Я откашлялся, встал и затянул песню, которую столько раз слышал дома и в гостях в пьяном застолье:

Ты не вейся, черный ворон, над моею головой,

Ты добычи не дождешься, я боец еще живой.

Но Софья Владимировна сказала:

— Ну, это очень мрачно. Давай какую-нибудь веселее.

Я затянул другую:

Ванька-ключник, алой разлучник,

Разлучил князя с женой.

Я пел как отец. Он обычно после бани садился за стол и пел.

Софья Владимировна опять остановила меня и насмешливо сказала:

— Очень грустно и страшно.

Я недоумевал: чего тут страшного? Это ведь песня.

Тогда я запел свою любимую, которой научили меня ребята, приехавшие жить в коммуну из детдома:

Там в саду, пред долиной, громко пел соловей,

А я, мальчик на чужбине, позабыт от людей.

Позабыт, позаброшен с молодых, юных лет,

Я остался сиротою, счастья-доли мне нет.

Голос мой дрожал, слезы застилали глаза. Я не старался вложить в песню какие-либо чувства, они сами выливались из меня, настолько мне становилось тоскливо, одиноко и жалко себя.

Вот умру я, умру я, похоронят меня,

И никто не узнает, где могилка моя.

И никто на могилку уж ко мне не придет,

Только раннею весною соловей пропоет.

И тут я заревел. Слезы брызнули из глаз, голос прервался, грудь заболела, я не знал, куда девать себя. В этом месте я всегда плакал.

Ребята постарше знали мою слабость и частенько, войдя ко мне в доверие, просили спеть эту песню, а когда я, разволновавшись, доходил до конца и начинал реветь, они бессовестно потешались надо мной. И на этот раз я вдруг испугался, что реакция Порошиных будет такая же. Но Софья Владимировна подошла ко мне, посадила рядом, я уткнулся головой ей в грудь, вдохнул аромат ее одежды, ни на что не похожий и ни с чем не сравнимый, и заревел еще громче. Девочки сидели притихшие. Софья Владимировна гладила меня по голове, по плечам, по груди и говорила мне сладкие слова.

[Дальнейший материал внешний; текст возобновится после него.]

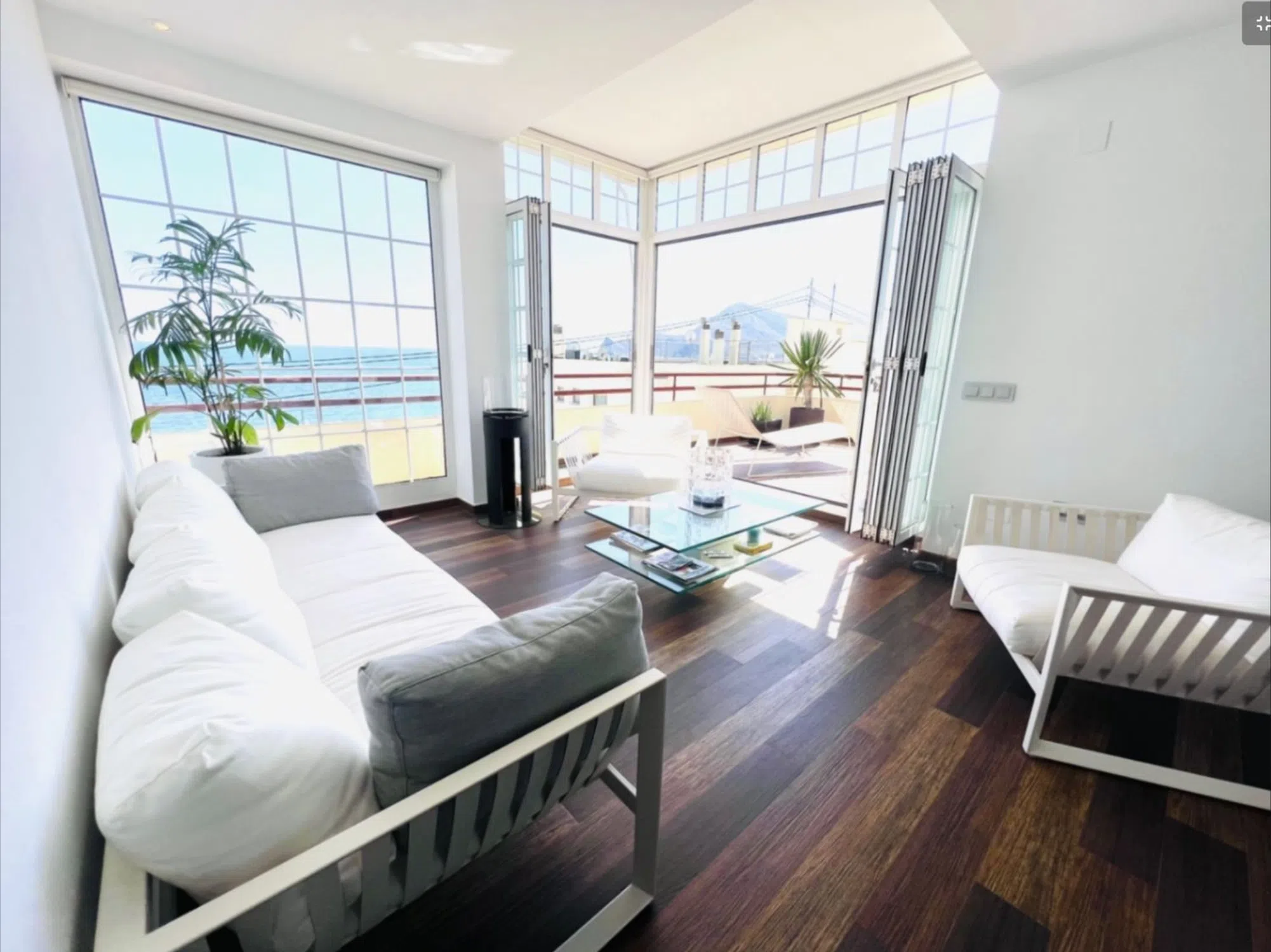 Fantástico apartamento situado a escasos metros de la playa de La Roda, en Altea. La vivienda ha sido reformada con un elegante estilo moderno y mediterráneo, destacando por su luminosidad y sus amplios ventanales que conectan el salón y la cocina con una magnífica terraza orientada al sur, desde la que se disfrutan agradables vistas al mar y sol durante todo el día. El apartamento se distribuye en dos plantas. En la planta principal encontramos dos dormitorios, un amplio salón-comedor, una gran cocina americana totalmente equipada y acceso directo a la espaciosa terraza. Una escalera de madera natural conduce a la planta superior tipo loft, que ofrece dos espacios versátiles ideales como dormitorios adicionales, despacho o zona de ocio, además de un baño completo. La vivienda dispone de aire acondicionado por conductos y se ubica en un edificio con ascensor. Garaje opcional por 20.000 € en el edificio colindante. Una propiedad ideal para disfrutar del estilo de vida mediterráneo junto al mar, tanto como residencia habitual como inversión. [IW].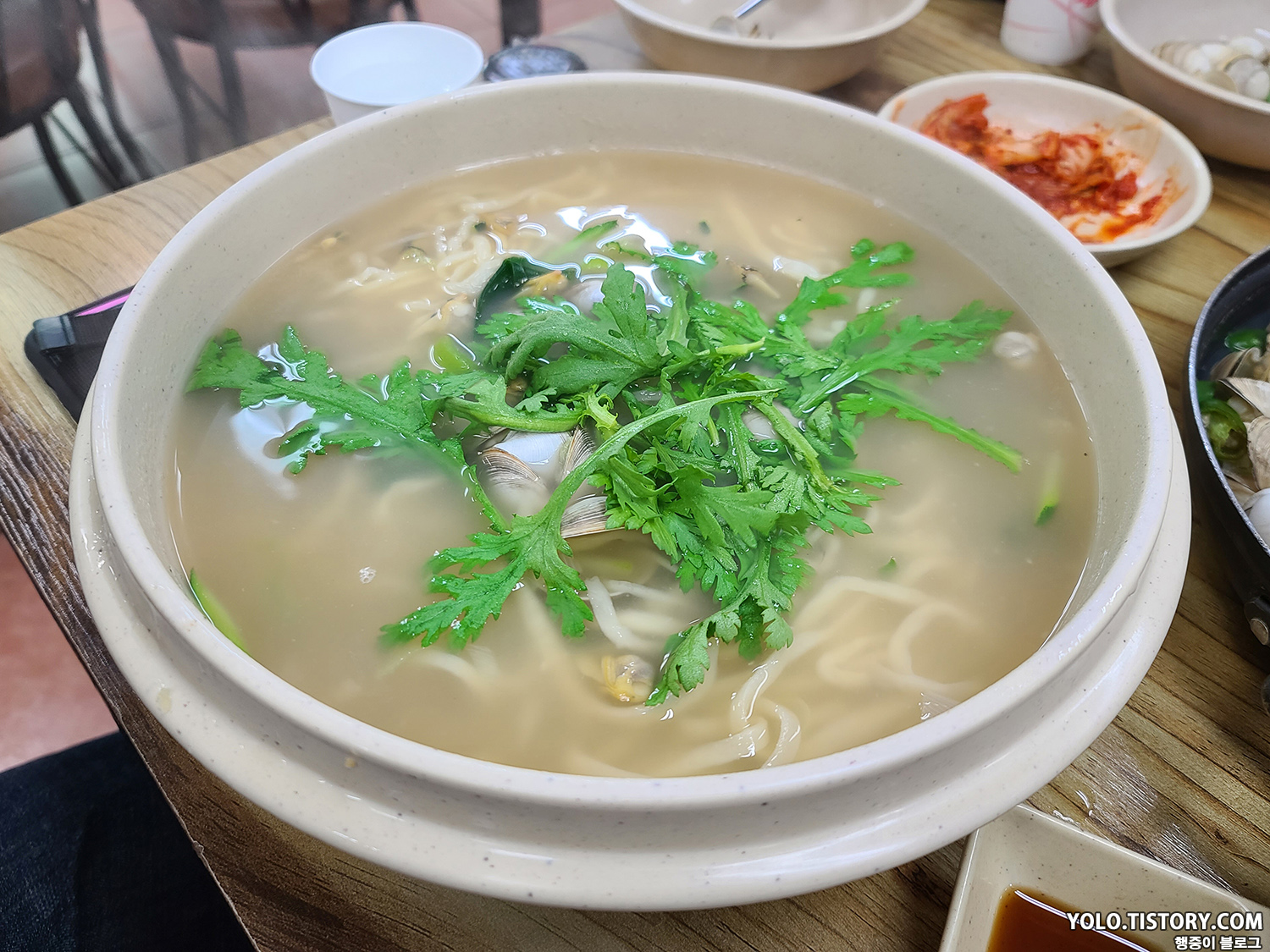 다음으로 나온 칼국수. 물총조개의 육수와 동일한데, 바지락과 국수가 들어간 느낌이다.

— Ну, Ефимка, хороший мой мальчик. Милый мой мальчик, бедный мой мальчик. Несчастный мой…

И тут я вдруг неожиданно для себя расхрабрился. Не мог я закончить слезами. Подумал: «Зачем я их расстраиваю?»

— А я еще наши знаю, деревенские, — бодро заявил я.

— Давай деревенские, — сквозь слезы сказала Софья Владимировна.

Я вытер глаза рукавом своей красивой рубахи, посмотрел на всех внимательно.

Я тогда тебя забуду, ягодиночка моя,

Когда вырастет на камушке зеленая трава, —

пел я и смотрел то на одну, то на другую сестру, не зная, на ком остановить взгляд, которому пытался придать особую выразительность.

Девочки подтянулись, Софья Владимировна заулыбалась. Но я был не таков, чтобы останавливаться на полпути, поэтому пропел еще один куплет:

Даже вырастет на камушке зеленая трава,

Я тебя не позабуду, ягодиночка моя.

— Ух ты-ы-ы, — прошептали Галя и Тоня, видя мои страсти.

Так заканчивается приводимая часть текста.